Do hippies come to Austin or does Austin turn you into a hippie?

It’s no big secret that Austin is known for a certain hippie aura. We are the blue island in a sea of red where liberals come to take refuge within our hemp walls and “keep Austin weird.” Now while I must admit that my wife and I did immediately feel a certain comfort and vibe that seemed a comfy home to our liberal leanings, I imagine that much like most places, Austin is probably as diverse a place as any, in the same way that Texas is not solely populated by horse riding, country music loving rodeo enthusiasts (you’d be surprised how many people think that kind of thing).

I’ve always considered myself a fairly moderate person who, while leaning toward the left, tries to always see all sides and keep an open mind to different views. One day, however, as I found myself retrieving my re-usable paper grocery bags from the back of my Toyota Prius gas/electric hybrid in the parking lot of Whole Foods, time seemed to freeze as I suddenly pictured a frame around the image labeled “hippie cliché !” Now, truth be told, I really don’t think I am a hippie. Don’t get me wrong, I don’t think “hippie” is in any way insulting, I just don’t think that I really fit into that mold. Okay, so I only eat whole grains and avoid refined carbohydrates. Even with all these things considered, I just don’t think anyone who knows me would ever describe me as a hippie, and those who joyously count themselves among the hippie ranks would most like only go so far as to possibly call me “hippie friendly”. Maybe an honorary hippie or something.

That’s all beside the point, however. The real question that came to my mind that day was whether Austin truly serves as some kind of magnetic “Mecca” for certain ideals and attracts like-minded people like Devil’s Tower in “Clsoe Encounters of the Third Kind” or whether it perhaps has some kind of hippiefying effect on it’s residents. Knowing the stubborn nature of most of humanity, I’d have to lean toward the former, but like most things, the reality probably lies somewhere in the gray area in between. Most people are probably somewhat affected by their surroundings to some degree, even if they don’t realize it.

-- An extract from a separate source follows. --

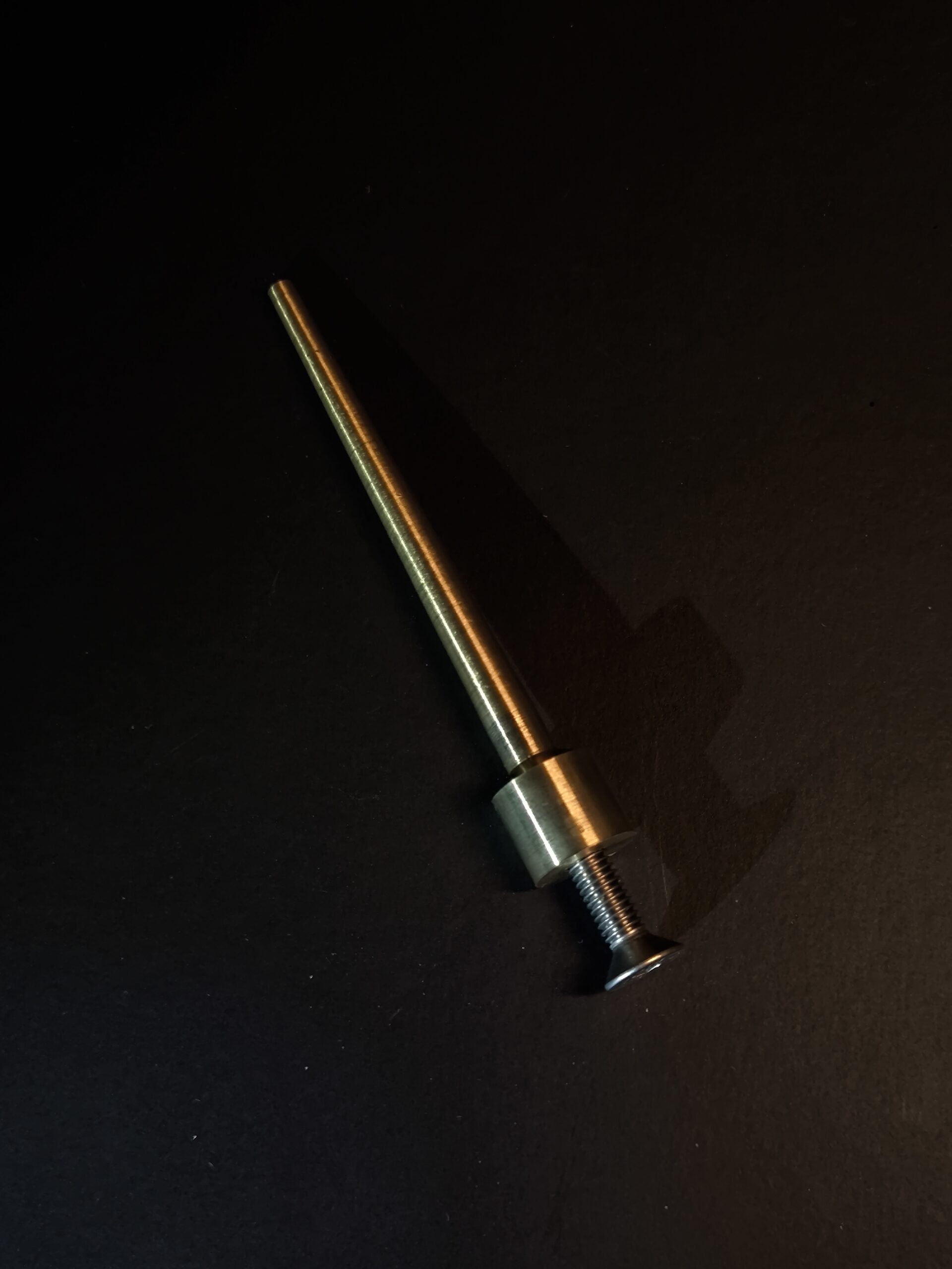 The brass spindle is screwed to the base and can be unscrewed if necessary.

…and somewhere, someone is building a replica of the UT clock tower out of mashed potatoes and insisting “This means something!”

4 Comments so far

  1. Jess (unregistered) on February 20th, 2006 @ 3:05 pm

    I think it’s a little of both. I’ve actually given this topic some thought before, and I think that now, as never before, people (at the higher end of the wealth scale, which includes a majority of people in the US) are able to move long-distance to live in places that suit them ideologically or culturally. Once they get there, they have more license to indulge those cultural leanings, surround themselves with more people who agree with them, and get more involved in that way of thinking and being.

  2. Adam Rice (unregistered) on February 20th, 2006 @ 7:44 pm

    I’ve seen Austin have a hippifying effect on those who were not that way already.

  3. Elmo (unregistered) on February 20th, 2006 @ 7:47 pm

    Toyota Prius? Whole Foods? You don’t mean hippie, you mean YUPPIE.

  4. Heath (unregistered) on February 20th, 2006 @ 8:42 pm

    LOL…Wow, I think that must be the first time in my life anyone has ever called me a yuppie!

    ahhh, gotta love stereotypes and labels, heh!